The real flaw in the government-financed merger proposal is that it spares the companies from bankruptcy reorganization, the very process they need to get their costs and structure in line with market realities.
Only a bankruptcy court can reduce the burden of pension and health benefits to 600,000 retirees that are slated to cost the companies $90 billion over the next decade.
Only a bankruptcy court can override the state laws that make it difficult and expensive for Chrysler and GM to pare back a combined network of 10,000 dealerships, about 10 times more than Toyota has in the United States.
And only a bankruptcy court can impose on members of the United Auto Workers pay and benefit packages comparable to those paid at the nonunionized plants of foreign manufacturers that have been stealing market share from the Big Three for decades.

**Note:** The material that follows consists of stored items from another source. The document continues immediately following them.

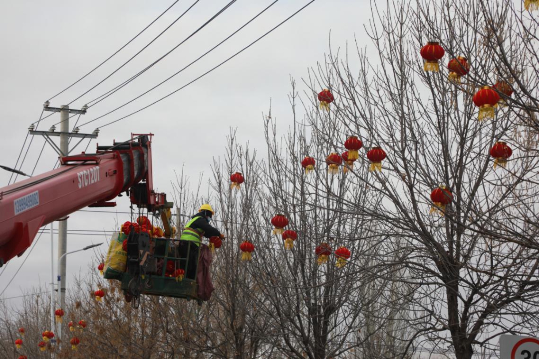 在城区主要街道、公交站台等地,额敏县住建系统工作人员进行悬挂灯笼、布置彩灯作业。红彤彤的灯笼整齐悬挂、随风摇曳,既延续了传统节日的喜庆元素,又为县城增添了生机与活力。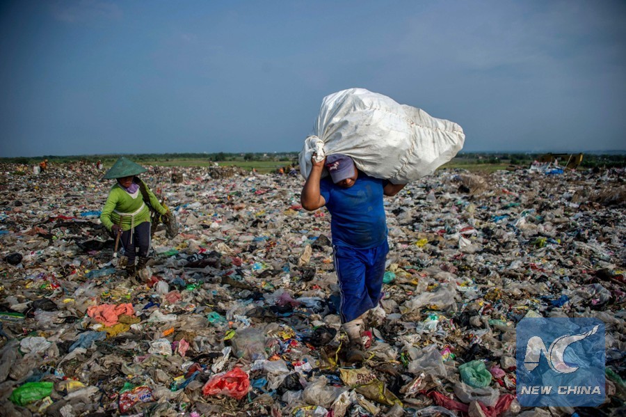 Scavengers collect valuable waste at Sidoarjo garbage dump in East Java, on June 5, 2018. (Xinhua/AFP)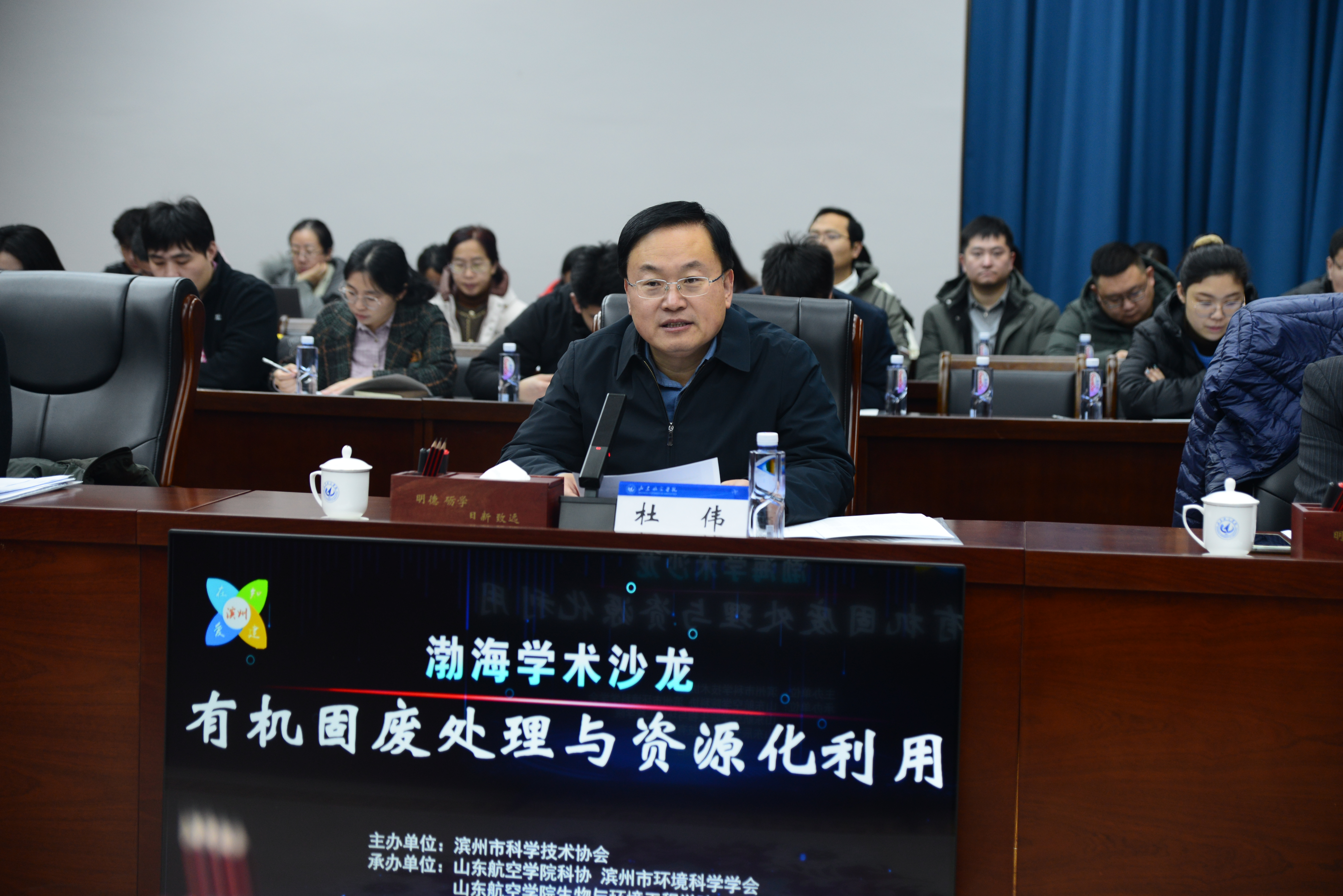 12月20日上午,由滨州市科学技术协会主办,我校承办的2024年渤海学术沙龙“有机固废处理与资源化利用”在砺学报告厅举行。我校党委委员、副校长杜伟,滨州市科学技术协会副主席宋士波出席会议并致辞。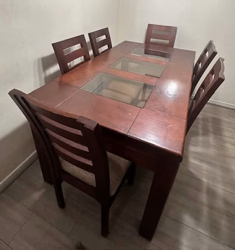 Se vende juego de comedor de madera color marrón oscuro 6 sillas.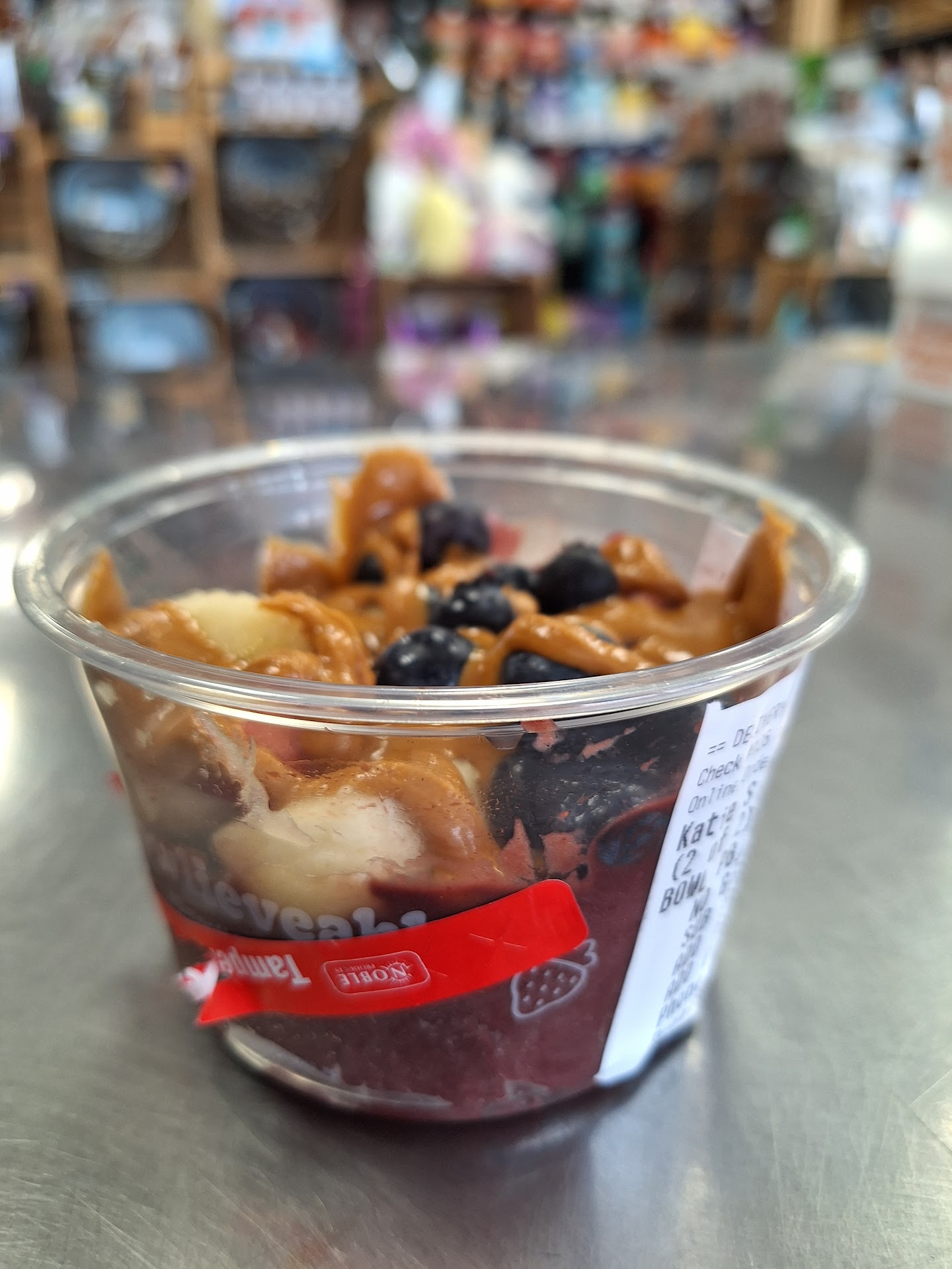 Read moreI'm a regular visitor to Smoothie King as I'm on the road a lot, and their smoothies are incredible. Tonight, after a long day, I ordered an Acai Bowl and a Smoothie through the app and went through the drive-through for pickup. Nobody else was in line, and I didn't have to wait long. The smoothie was excellent! If you need a recommendation, get the Peanut Power Plus Strawberry. It's amazing. The acai bowl, though...was a significant letdown. I really dislike blueberries—a lot. So, I modified my order on the app to remove blueberries and add extra bananas instead. I guess the person working went too fast and didn't see the edit, so I had blueberries in the bowl, and no, it's not the end of the world, but it sucked as I ate around them even after giving a few a try to see if I liked them. Nope. Smoothie King, you rarely let me down. Slow down and read the order. I need to have confidence in a mobile...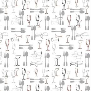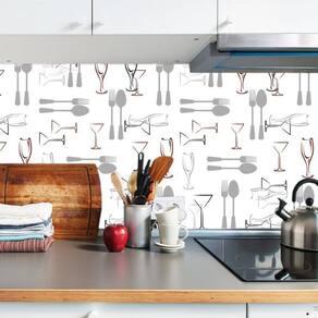 Papel de parede taça e talheres cinza autoadesivo cozinha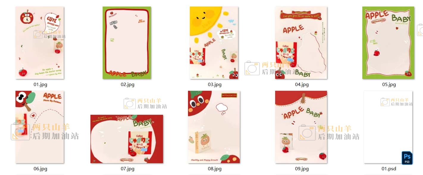PSD模板-9款卡通可爱苹果玩偶儿童宝宝周岁百天写真照设计psd模板后期ps素材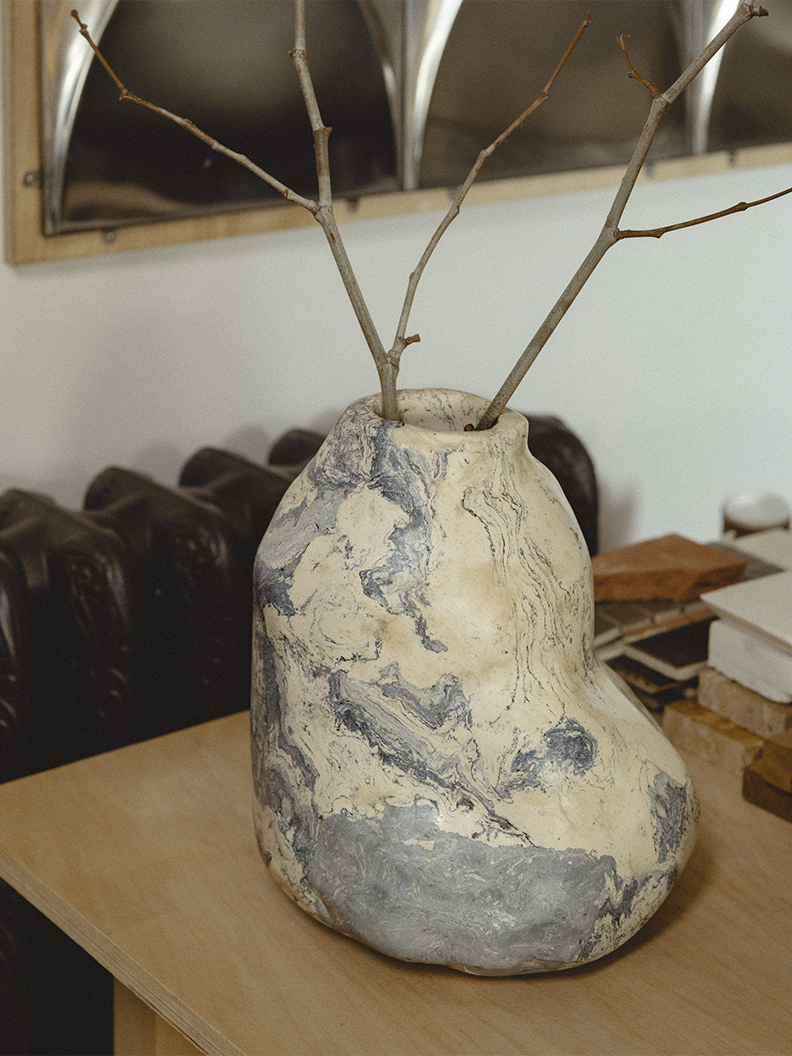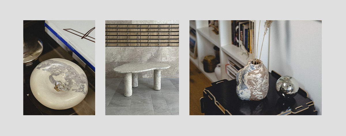 საბოლოო შედეგი იძენს სიმძიმეს და მასიურობას, რაც ნივთს განსაკუთრებულ ხასიათს სძენს. დამზადების პროცესი მოიცავს რამდენიმე ეტაპს — მასალის შეზავებას, ფორმის მიცემას, მექანიკურ დამუშავებას და საბოლოო მოპირკეთებას ხელით. სწორედ ეს უნიკალური ტექნოლოგია განასხვავებს Haeri-ს ნამუშევრებს და ანიჭებს მათ გამორჩეულ ტაქტილურ და ვიზუალურ იდენტობას.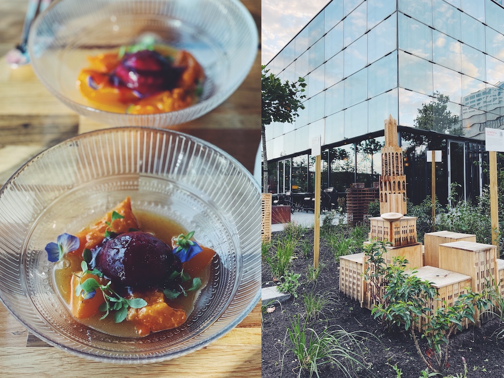 Het personeel is vriendelijk en behulpzaam bij dieetwensen, de sfeer in het restaurant is gezellig en kalm en als bonus staat er buiten het restaurant een bijenhotel (in de vorm van karakteristieke Utrechtse gebouwen) waar je na het eten nog een kijkje kunt nemen. Dit is de perfecte plek dus voor mensen die én van lekker eten houden én die duurzamere keuzes willen maken.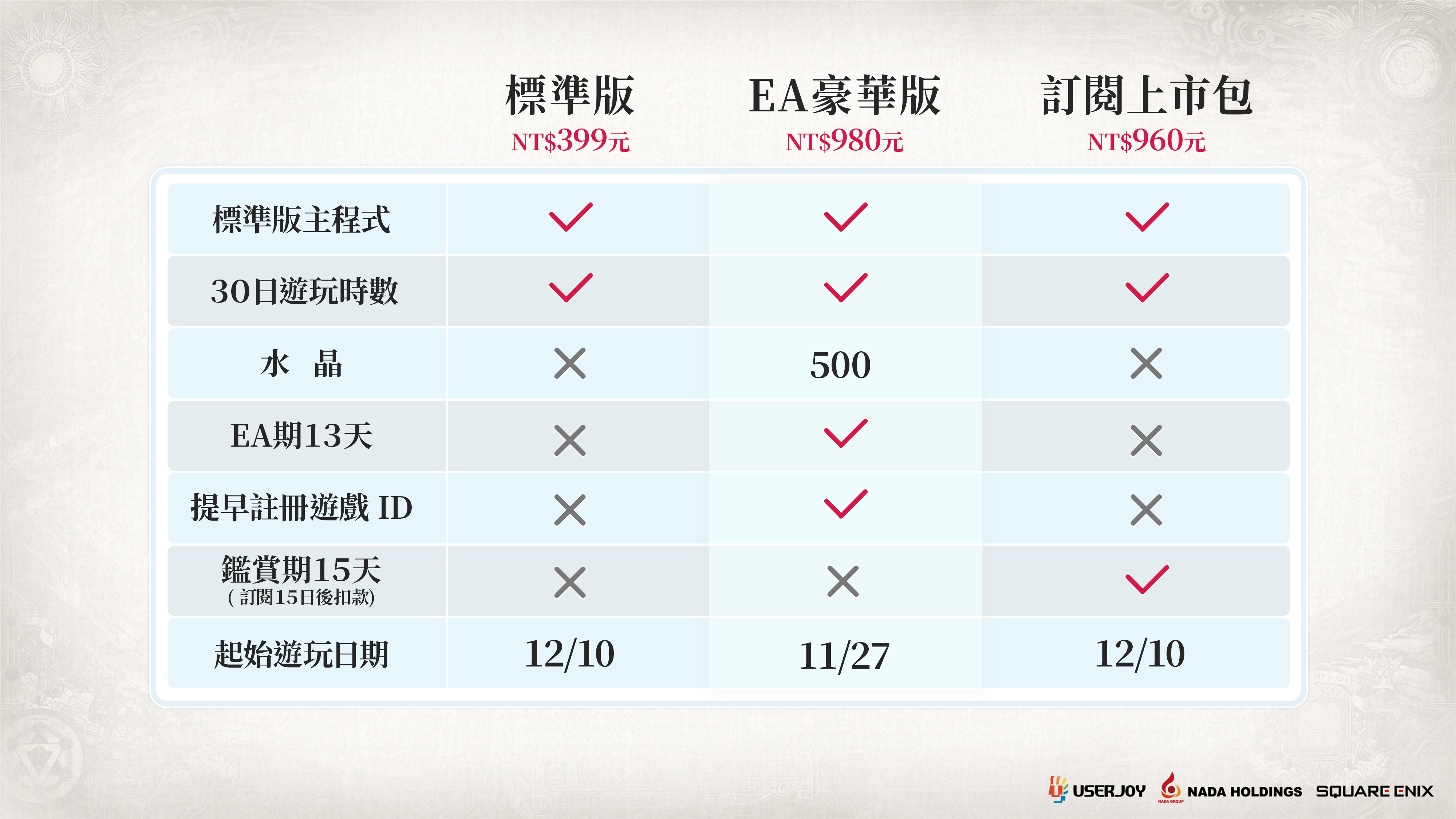 ※EA指的是Early Access 搶先體驗,購買豪華版、白金版、終極版的玩家擁有搶先體驗資格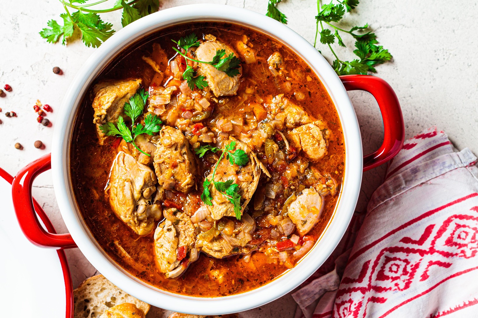 Чахохбили считается одним из самых известных блюд грузинской кухни. Приправы придают восхитительный аромат и вкус тушеной курице.
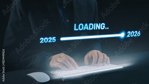 Fototapeta premium Visualizing the shift from 2025 to 2026. Progress bar symbolizing...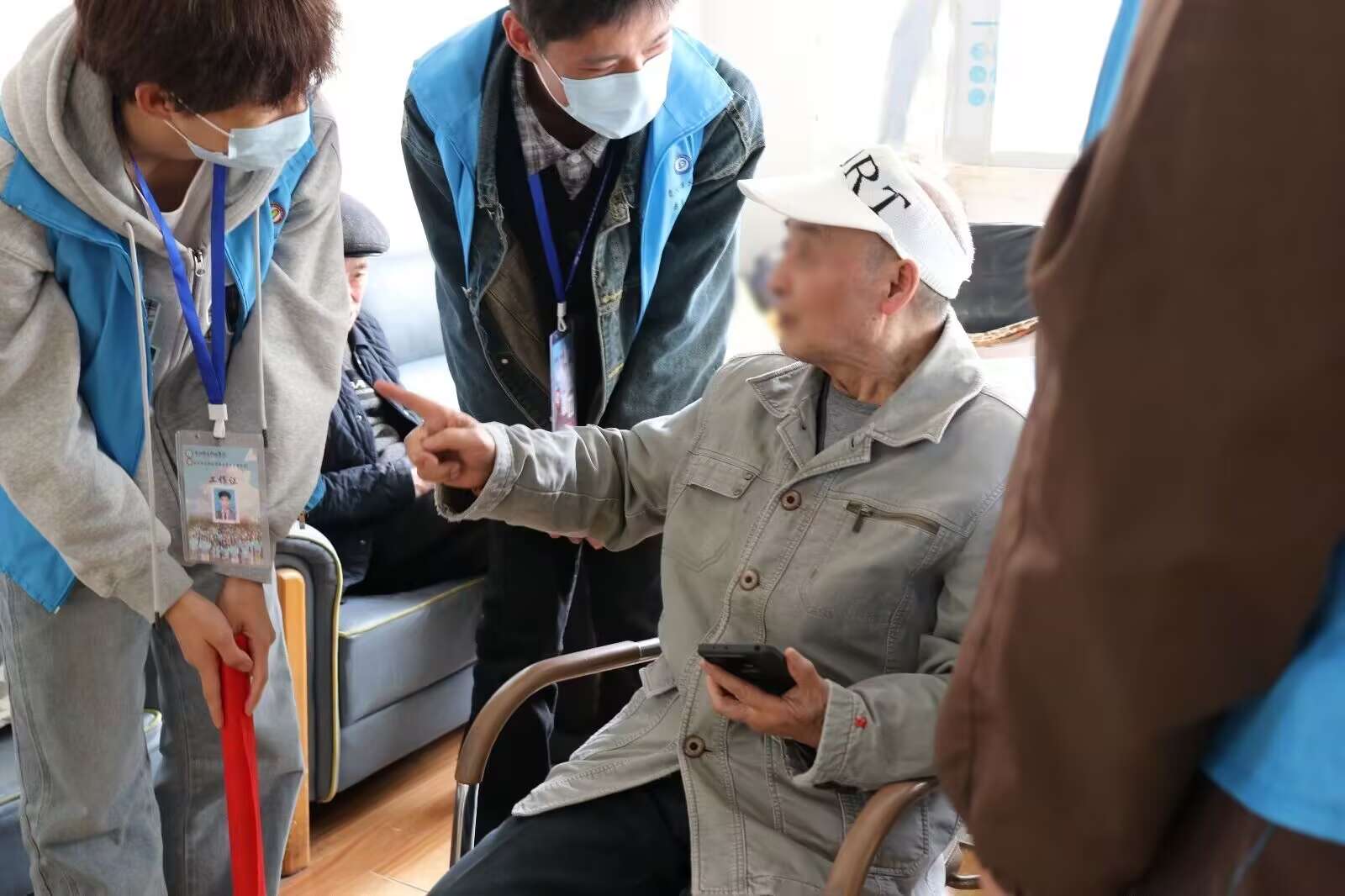 几位青年志愿者在老人面前,或坐或站,身体微倾,专注而敬重。他们边听边点头,眼神与老人交流,似乎在珍视这些回忆。整个场景充满温暖与宁静。

If the Treasury were to commit government funds without getting this kind of long-overdue restructuring, it would simply be throwing good money after bad.
But that's not all. Taxpayers should also demand that the Treasury take the same hard line in negotiating a rescue for the automakers that it took in structuring the rescues of Fannie Mae, Freddie Mac, AIG and Bear Stearns.
Equity holders of both auto companies -- including Cerberus Capital Management, the hedge fund that purchased Chrysler from Daimler with very little of its own money -- should be wiped out, or at most given a small stake in the new company.
Creditors should get only 30 or 40 cents on the dollar owed -- about what the debt is selling for now -- plus an equity stake in the new company.
And top management of both companies should be shown the door, along with most of the directors, in recognition of their failure to deliver for shareholders and creditors.
All of these terms -- the cost-cutting, the dealer restructuring, the haircuts for shareholders and creditors, the management changes -- can be negotiated upfront and presented as a done deal to the bankruptcy court. Such a "prepackaged" bankruptcy would allow GM-Chrysler to run through the reorganization process in a matter of a few weeks or months without missing a payroll or a day of production. It would save as many jobs as can reasonably be saved and preserve what value is left in the companies, while giving taxpayers a reasonable chance of earning a return on their investment.
Honestly, I don't know if the GM-Chrysler merger makes a lot of business sense. The promised savings of $9 billion a year are overblown -- as far as I can tell, most of that represents reduction in capacity that could just as easily be accomplished by the companies separately as together. At the same time, in an industry that has gone from producing 17 million vehicles a year to 12 million, some consolidation is probably inevitable.
What I do know, however, is that's it's time for Michigan's senators and congressmen and governors to stop shilling for Wall Street creditors and shareholders and defending managers and unions that stubbornly ignore market realities. For years, these politicians did the bidding of the Big Three by pushing a protectionist agenda and fighting off attempts to impose reasonable fuel-efficiency standards -- and the result is that all three companies now stand on the brink of financial collapse.
This time, they owe it to their constituents and the country to back a painful but credible strategy to save the industry rather than one that simply bails out the industry from another mess of its own creation.